From the material below, reproduce exactly the stretch of lines that begins with the line holding "12 - 7 = 5 38 - 30 27 - 7 56 - 20" and ends with the line holding "- Блестящая женская", skipping the pictures.
#### Dataset excerpts
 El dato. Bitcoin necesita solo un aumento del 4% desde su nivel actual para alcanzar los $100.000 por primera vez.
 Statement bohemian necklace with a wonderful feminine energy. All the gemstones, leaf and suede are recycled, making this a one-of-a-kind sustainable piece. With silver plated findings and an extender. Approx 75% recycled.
########
#### Dataset excerpts
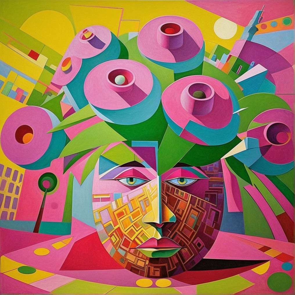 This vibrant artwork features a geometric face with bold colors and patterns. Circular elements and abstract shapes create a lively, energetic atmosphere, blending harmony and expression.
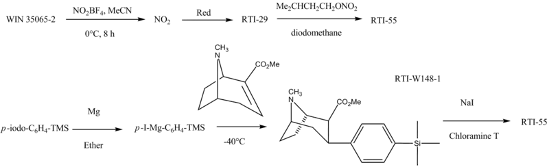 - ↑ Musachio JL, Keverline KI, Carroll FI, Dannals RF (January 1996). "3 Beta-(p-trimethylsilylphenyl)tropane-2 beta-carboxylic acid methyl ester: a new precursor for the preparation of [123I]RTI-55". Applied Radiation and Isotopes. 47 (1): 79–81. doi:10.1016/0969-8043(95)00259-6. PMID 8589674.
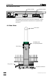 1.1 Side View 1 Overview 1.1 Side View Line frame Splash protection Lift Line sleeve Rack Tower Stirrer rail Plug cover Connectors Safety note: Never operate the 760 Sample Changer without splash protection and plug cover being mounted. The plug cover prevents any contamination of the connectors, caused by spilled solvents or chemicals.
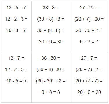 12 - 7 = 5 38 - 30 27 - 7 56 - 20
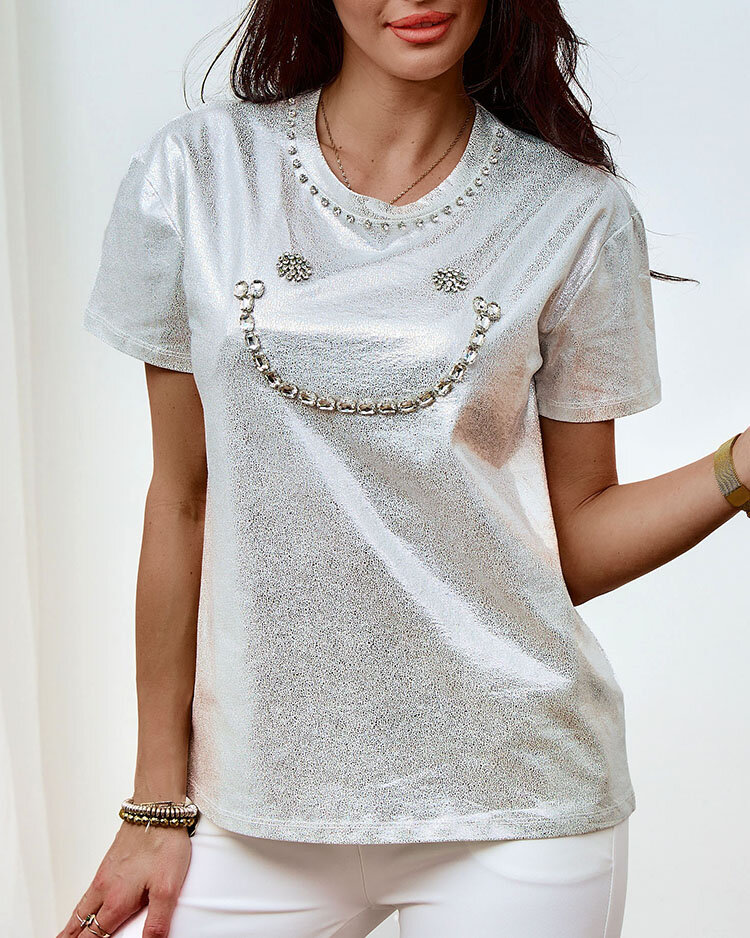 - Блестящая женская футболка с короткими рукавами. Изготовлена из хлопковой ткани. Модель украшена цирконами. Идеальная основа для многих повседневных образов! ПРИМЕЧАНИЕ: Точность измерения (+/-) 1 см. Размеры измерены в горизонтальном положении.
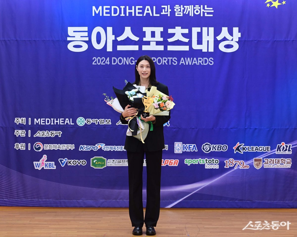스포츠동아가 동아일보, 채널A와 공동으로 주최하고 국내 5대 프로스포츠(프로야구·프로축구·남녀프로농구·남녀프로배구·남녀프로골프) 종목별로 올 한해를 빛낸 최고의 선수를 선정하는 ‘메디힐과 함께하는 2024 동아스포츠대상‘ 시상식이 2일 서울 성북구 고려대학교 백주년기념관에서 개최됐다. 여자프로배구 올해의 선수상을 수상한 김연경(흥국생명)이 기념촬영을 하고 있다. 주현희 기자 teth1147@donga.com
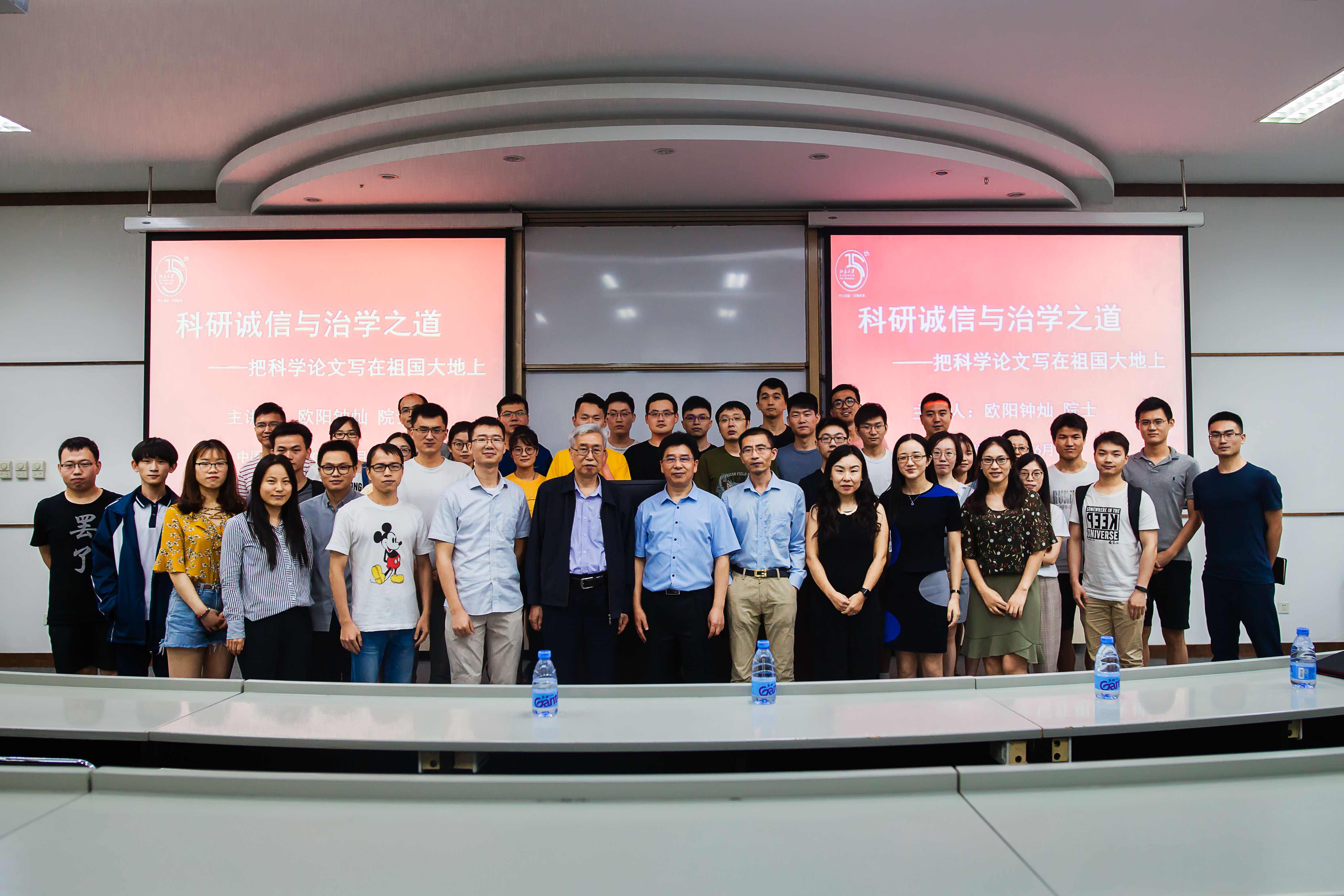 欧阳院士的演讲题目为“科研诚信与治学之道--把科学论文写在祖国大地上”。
########
-- Solution to the problem --
 12 - 7 = 5 38 - 30 27 - 7 56 - 20
 - Блестящая женская футболка с короткими рукавами. Изготовлена из хлопковой ткани. Модель украшена цирконами. Идеальная основа для многих повседневных образов! ПРИМЕЧАНИЕ: Точность измерения (+/-) 1 см. Размеры измерены в горизонтальном положении.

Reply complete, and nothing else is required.